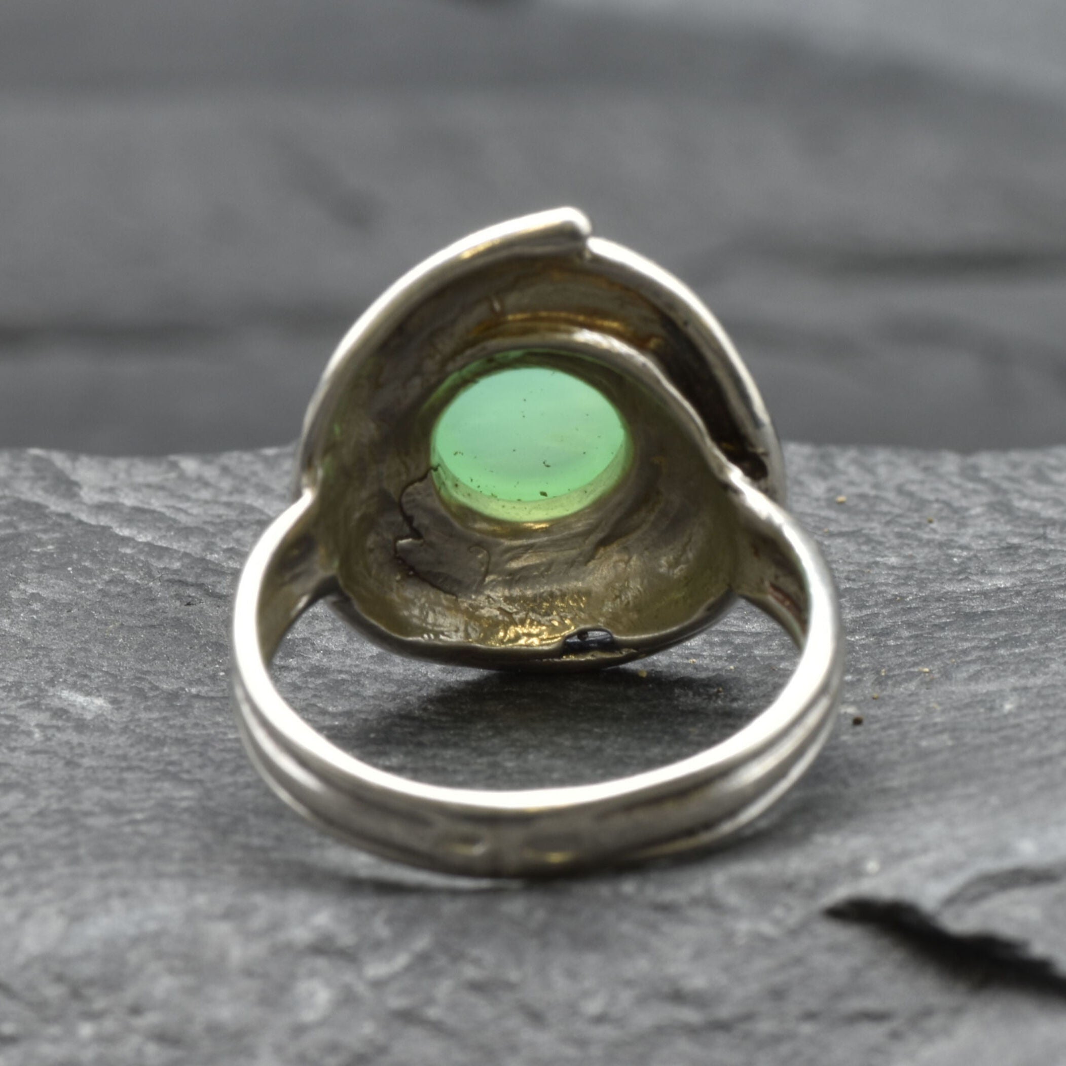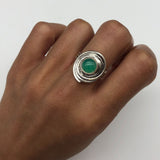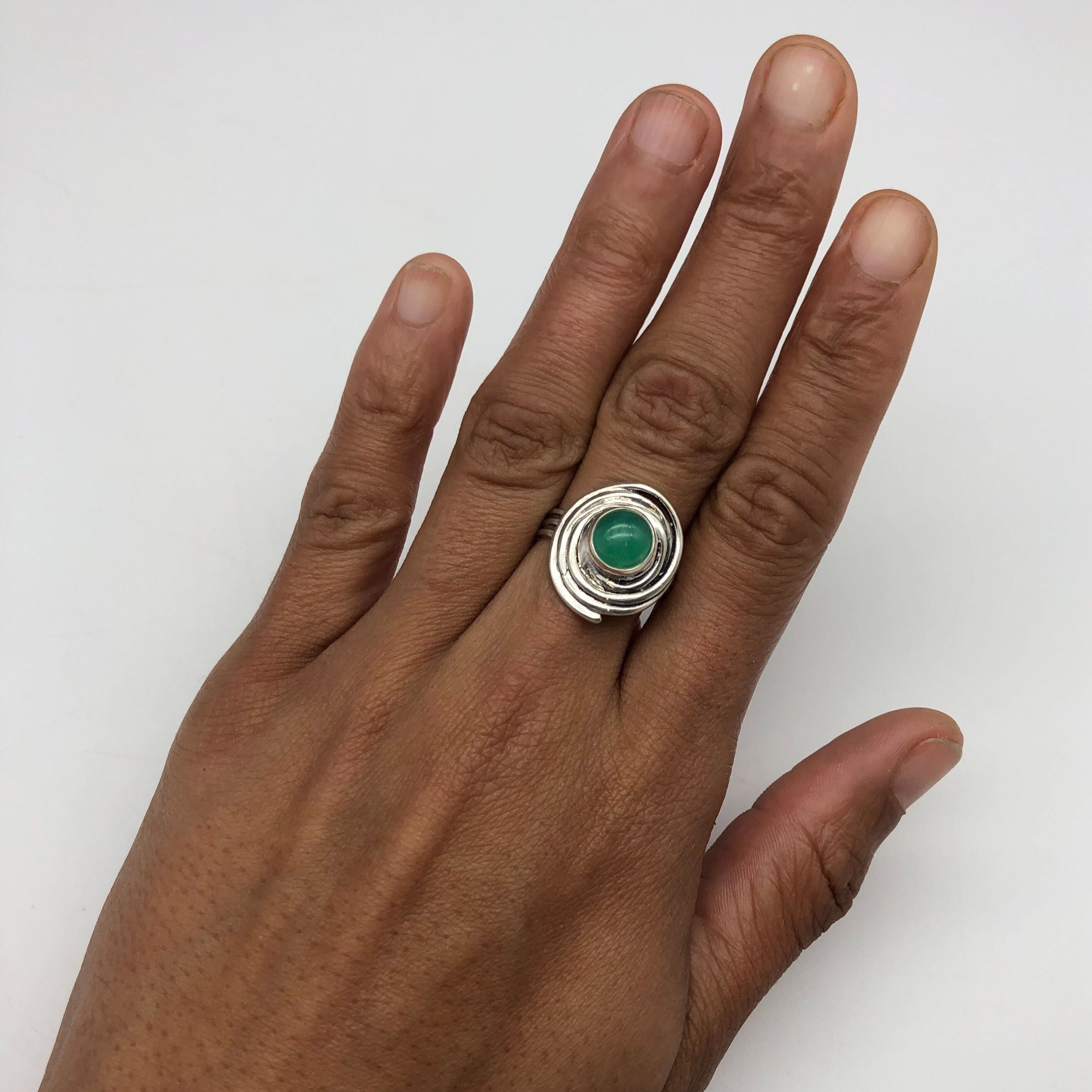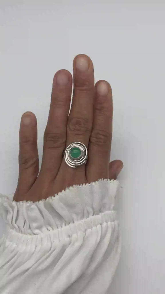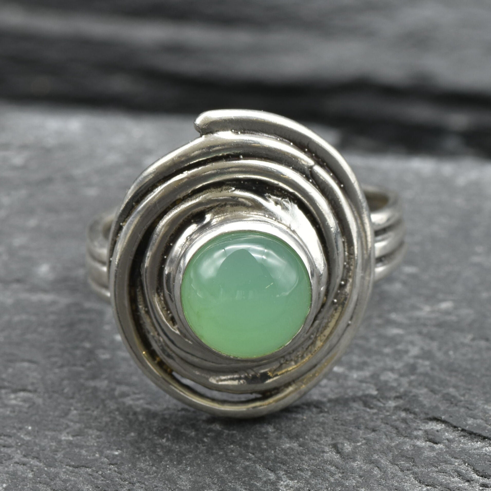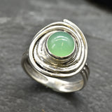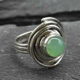 Green Spiral Ring - Natural Chrysoprase Ring, Green Swirl Ring
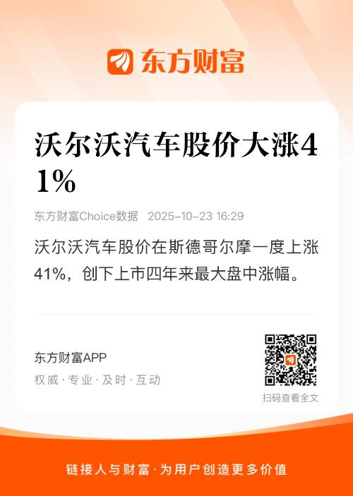 沃尔沃汽车股价在斯德哥尔摩一度上涨41%,创下上市四年来最大盘中涨幅。
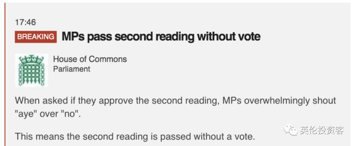 但罕见的是,英国议会今天以惊人的速度,在一个晚上通过了《选举法案》二读和三读。1。 二读,今天的立法二读没有正式投票,议员们用“喊叫”的方式,以压倒性多数的“赞成(aye)”盖过了“不(no)”,直接通过了二读环节。
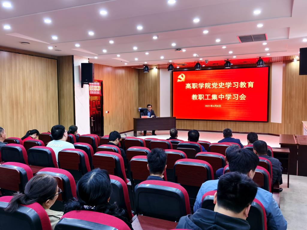 4月8日下午,高职学院在综合楼四楼报告厅举行党史学习教育集中学习会。学院领导班子成员及全体教职工共140余人参加了学习会。学习会由党委书记王吉田主持。
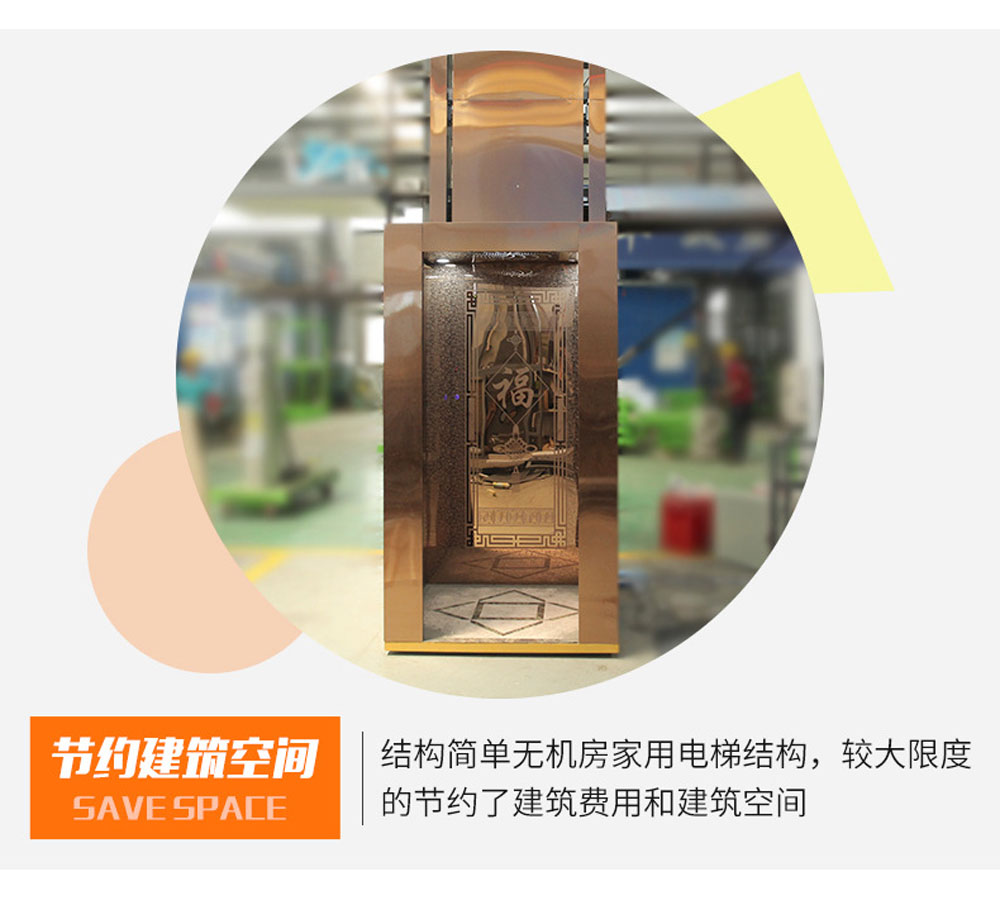 别墅电梯不仅方便通行,也是现代化社会发展的一种标志,它可以安装在私人别墅、复式建筑中,方便家庭成员上下楼。如果是复式楼房或者小型别墅、空间别墅,建议你选择小型家用电梯,小巧灵活,易安装,省空间。家用电梯极易融入家庭建筑空,对于那些预留空间有限,任何不能容纳传统电梯的狭小地方,但又必须有一台电梯的现有住宅来说,这类家用电梯是改善现况的理想选择方案。
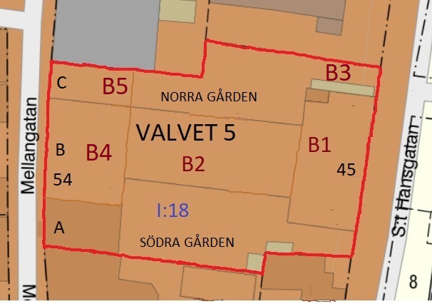 Situationsplan kv Valvet 5, S:t Hansgatan 45 och Mellangatan 54A-C. Tidigare fastighetsbeteckning S:t Hansroten I:18.
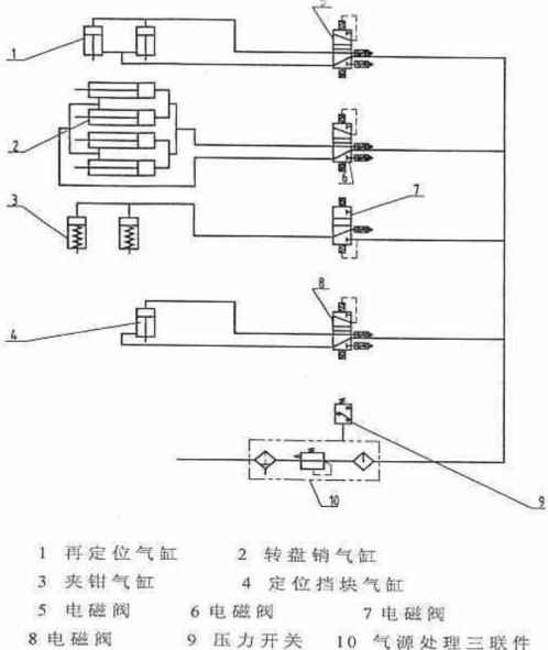 轉(zhuǎn)盤的上、下兩個定位銷分別由兩個汽缸通過聯(lián)接板與銷子相連,氣缸支持在固定座上,由雙電控二位五通閥控制銷子的進(jìn)退,定位時的速度可由單向節(jié)流閥調(diào)整。
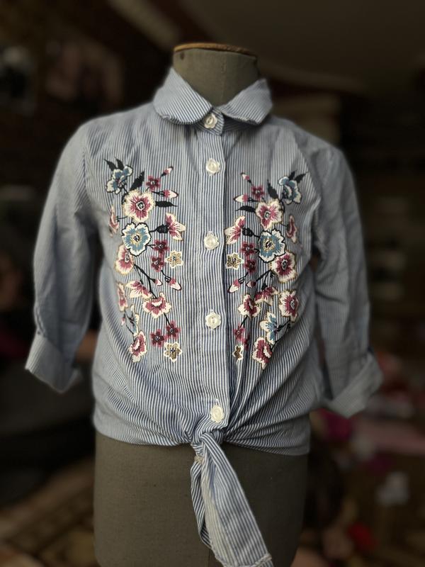 Блуза/ рубашка в полоску, голубо-белая. На завязке снизу, цветочным принтом и рукавчиком, который регулируется и на полную длину и укороченный. На 4-5 лет, размер 104-110 Замеры добавок при необходимости
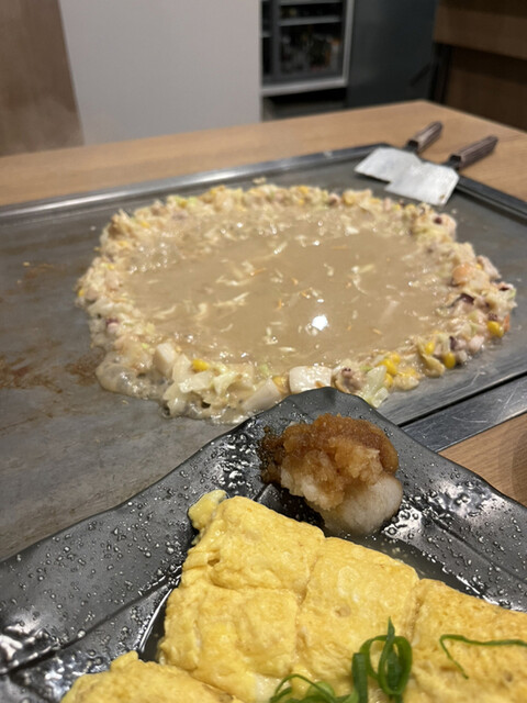 だし汁とキャベツと具材、、、、シンプルと思いきや、出来上がりまでの工程と、鉄板の熱量による焼き具合で味変が常に持続する、、、、サステナビリティ、、何とも奥深い!また食べたい(^O^)❒

• _TASK GOAL_: Give again, word for word, each line from the one holding "轉(zhuǎn)盤的上、下兩" through the end of the entries, and leave out any picture.

• _WRITTEN RESPONSE_:
 轉(zhuǎn)盤的上、下兩個定位銷分別由兩個汽缸通過聯(lián)接板與銷子相連,氣缸支持在固定座上,由雙電控二位五通閥控制銷子的進(jìn)退,定位時的速度可由單向節(jié)流閥調(diào)整。
 Блуза/ рубашка в полоску, голубо-белая. На завязке снизу, цветочным принтом и рукавчиком, который регулируется и на полную длину и укороченный. На 4-5 лет, размер 104-110 Замеры добавок при необходимости
 だし汁とキャベツと具材、、、、シンプルと思いきや、出来上がりまでの工程と、鉄板の熱量による焼き具合で味変が常に持続する、、、、サステナビリティ、、何とも奥深い!また食べたい(^O^)❒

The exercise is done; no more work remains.